Why You’ll Love This Recipe

  • Quick & Easy: Perfect for busy weeknights when time is short, these Healthy Sloppy Joes come together in just 20 minutes!
  • Family-Friendly: Even the pickiest eaters will devour this delicious dish, making it a fantastic option for families.
  • Nutrient-Rich: Packed with protein and vitamins from fresh veggies, it’s a wholesome twist on a classic!
  • Versatile Serving Options: Enjoy it on gluten-free buns or serve it over baked sweet potatoes for a cozy, low-carb alternative.
  • Customizable & Fun: With endless topping options, each bite can be a little different and exciting!

What You’ll Need

For this delightful recipe, gather the following ingredients:

  • 1 tablespoon olive oil
  • 1 lb ground beef
  • ½ medium yellow onion, minced
  • ¼ cup finely chopped green bell pepper
  • ½ teaspoon salt (plus more to taste)
  • ¼ teaspoon ground black pepper
  • 2 garlic cloves, minced
  • ¾ cup tomato sauce
  • ¼ cup unsweetened Primal Kitchen ketchup
  • ¼ cup water
  • 1 tablespoon pure maple syrup
  • 1 tablespoon apple cider vinegar
  • ¾ teaspoon chili powder
  • 1-2 teaspoons hot sauce (optional)
  • For serving: 4 gluten-free buns or baked sweet potatoes

Let’s Make It Together

  1. Heat the olive oil in a large skillet over medium heat.
  2. Add the ground beef and brown the meat, breaking it up with a wooden spatula as it cooks, about 5 minutes. Drain most of the fat, leaving about 1 tablespoon in the pan.
  3. Add the onion, bell pepper, salt, and pepper to the pan. Stir and cook the vegetables until soft, about 4-5 minutes.
  4. Add the minced garlic and sauté for 30 seconds until fragrant.
  5. Add the tomato sauce, ketchup, water, maple syrup, apple cider vinegar, chili powder, and hot sauce (optional) to the pan and stir to combine.
  6. Bring the mixture to a gentle boil, then reduce to a simmer. Cover and cook for 10 minutes, or until the mixture has thickened to your liking.
  7. Once thickened, season with more salt to taste. Serve on toasted buns or over baked sweet potatoes.

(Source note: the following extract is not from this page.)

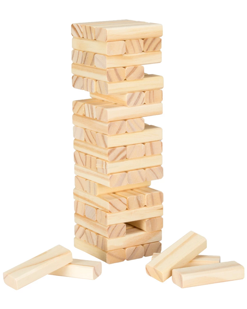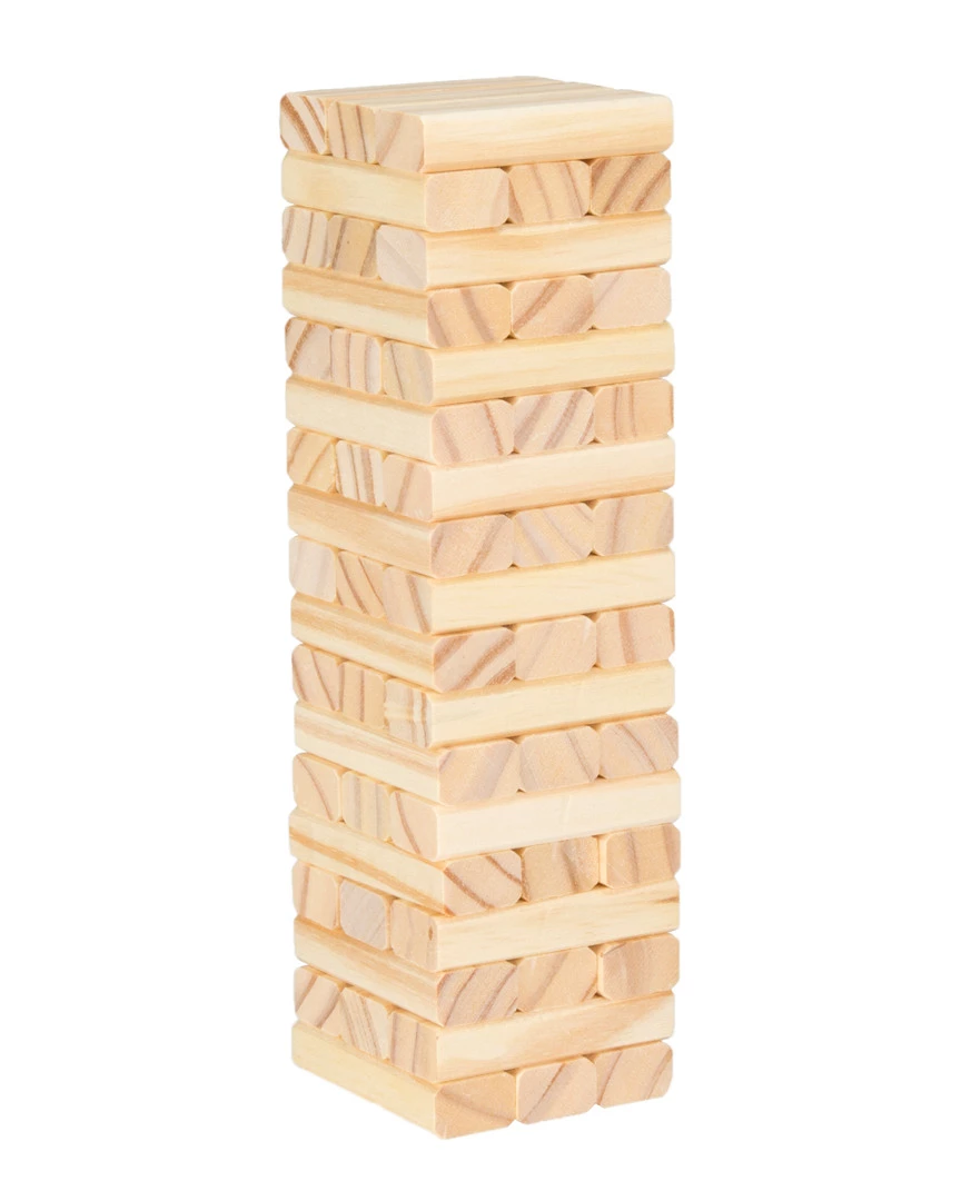 - The Hey! Play! Desktop Wooden Wobble Stacking Game is for the young and young-at-heart! Combine skill and strategy to stack the 54 pieces of beautifully crafted pinewood as high as you can, without wobbling the stack, causing it to crash down

Delicious Variations to Try

  • Spicy Sloppy Joes: Turn up the heat by adding diced jalapeños for a zesty kick.
  • Cheesy Delight: Melt your favorite cheese on top right before serving for an indulgent, gooey twist.
  • Veggie-Packed: Add finely chopped mushrooms or shredded carrots to the meat mixture for extra nutrients and fiber.
  • BBQ Bliss: Replace the tomato sauce and ketchup with your favorite barbecue sauce for a smoky flavor—perfect for summer nights!

Chef Emma’s Helpful Tips

  • Make-Ahead Option: Prepare the mixture a day in advance and refrigerate. Simply heat it up when you’re ready to serve!
  • Storage Suggestions: Store any leftovers in an airtight container and they’ll keep in the fridge for up to 3 days.
  • Ingredient Swaps: For a healthier option, substitute ground turkey or lentils for the beef.
  • Sweetness Adjustment: If you prefer a sweeter taste, add a bit more maple syrup or a tablespoon of brown sugar.

Nutrition Information per Serving

  • Serving Size: 1 sandwich or bowl over sweet potatoes
  • Calories: 300
  • Carbohydrates: 28g
  • Sugar: 8g
  • Fat: 16g
  • Protein: 20g
  • Sodium: 500mg

Frequently Asked Questions

  • Can I make this ahead? Absolutely! Prepare the filling and store it in the refrigerator for quick reheating later.
  • Can I use different ingredients? Yes! Feel free to customize with your favorite veggies or protein substitutes.
  • How do I store leftovers? Transfer any uneaten Sloppy Joe mixture to an airtight container and refrigerate for up to 3 days.
  • How long does it last? Leftovers are best enjoyed within three days for optimal flavor and freshness.

Wrapping It Up

Healthy Sloppy Joes are a delightful blend of nostalgia and nutritious ingredients that promise to bring your family together over the dinner table. This recipe is not just a meal, but a cozy moment to cherish—warm, saucy, and oh-so-satisfying. Save this Healthy Sloppy Joes to your comfort food board so it’s ready when you need a cozy treat!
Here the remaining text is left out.